Faith Curriculum Library: Tapestry of Faith: Virtue Ethics: An Ethical Development Program for High School Youth

Alternate Activity 3: A Web of Responsibility

Part of Virtue Ethics

Activity time: 30 minutes

Materials for Activity

  • Leader Resource 3, We Are Connected and a basket
  • A ball of yarn
  • A large roll of plain paper, markers, and tape

Preparation for Activity

  • Activity 5, Creating a Web is a shorter version of this activity. Read both, and choose one.
  • Print the Leader Resource. Cut apart the quotations (18 are provided) and place in the basket.
  • Identify and measure an open floor space the youth will create when they gather in a circle. Cut enough sheets of paper to cover the floor space. Then, tape the sheets of paper together to form a "carpet" where the youth will be able to place the yarn web they make.
  • Decide if you will affix the yarn web to the paper or trace the web pattern on the paper, with markers. Bring the markers (and tape if you will need it) when you form a circle with the youth.
  • Find a place to display the paper as a large mural, and obtain any permission you will need.

Description of Activity

Participants learn an earth-centered religious perspective on our responsibility to each other and to the earth and experience interconnectedness by playing a game.

Say, in these words or your own:

Our seventh UU Principle says we agree to affirm and promote respect for the interdependent web of all existence of which we are a part. This Principle recognizes the strong identification many Unitarian Universalists feel with earth-centered or pagan beliefs. These religions-many with roots in the ancient religions of indigenous people-emphasize our connection to the earth. The earth is a living creation and our home; therefore, we are responsible to help sustain and protect it.

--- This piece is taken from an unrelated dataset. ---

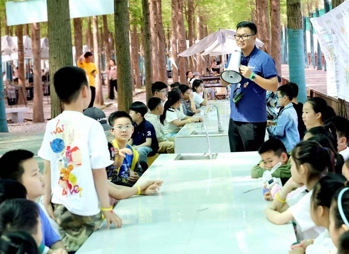 峒山村栖客露营基地负责人陈川刚刚陪孩子们参加完“插秧比赛。

Since we are all citizens of the living planet, we are all connected: to each other, to our animal and plant siblings, too. Our way of being should respect these connections. We are responsible to each other and all living things.

Invite participants to pick quotes from the basket and then gather in a circle. Holding the ball of yarn, read your quotation aloud, then wrap the yarn around your wrist 3 or 4 times. Invite someone across the circle to read their quotation. When they have finished, toss them the ball of yarn. Have them wrap the yarn around their wrist, then choose someone else to read a quotation. Continue until everyone has had a turn. Have the last reader toss the yarn back to you.

Say, in these words or your own:

We are connected. The web of existence means my actions affect you and your actions me and our actions affect the planet.

We are responsible. I am responsible to you and you are responsible to me and we are responsible to the living planet, the only home we have.

Instruct the youth to extract themselves from the yarn, one at a time, trying to keep the web intact, and then together lay the web on the paper you have placed on the floor.

Pass markers around the circle. Ask participants to think of ways they act responsibly: for themselves, each other, other life forms, or the planet as a whole. An example might include, "I compost, to return nutrients to the earth." Have a co-leader and/or volunteer begin taping the yarn to the paper, keeping the web's shape, or tracing the web pattern with marker-whichever you have decided to do.

Tell the youth you would like them to write their responsible act inside the group's web, to create a mural together. Tell them where they mural will be displayed.

Go first to model stating your example, then writing the example in one cell of the web.

Engage volunteers to carry the web to its display location. Post it as a visible reminder of the virtue of responsibility, in action.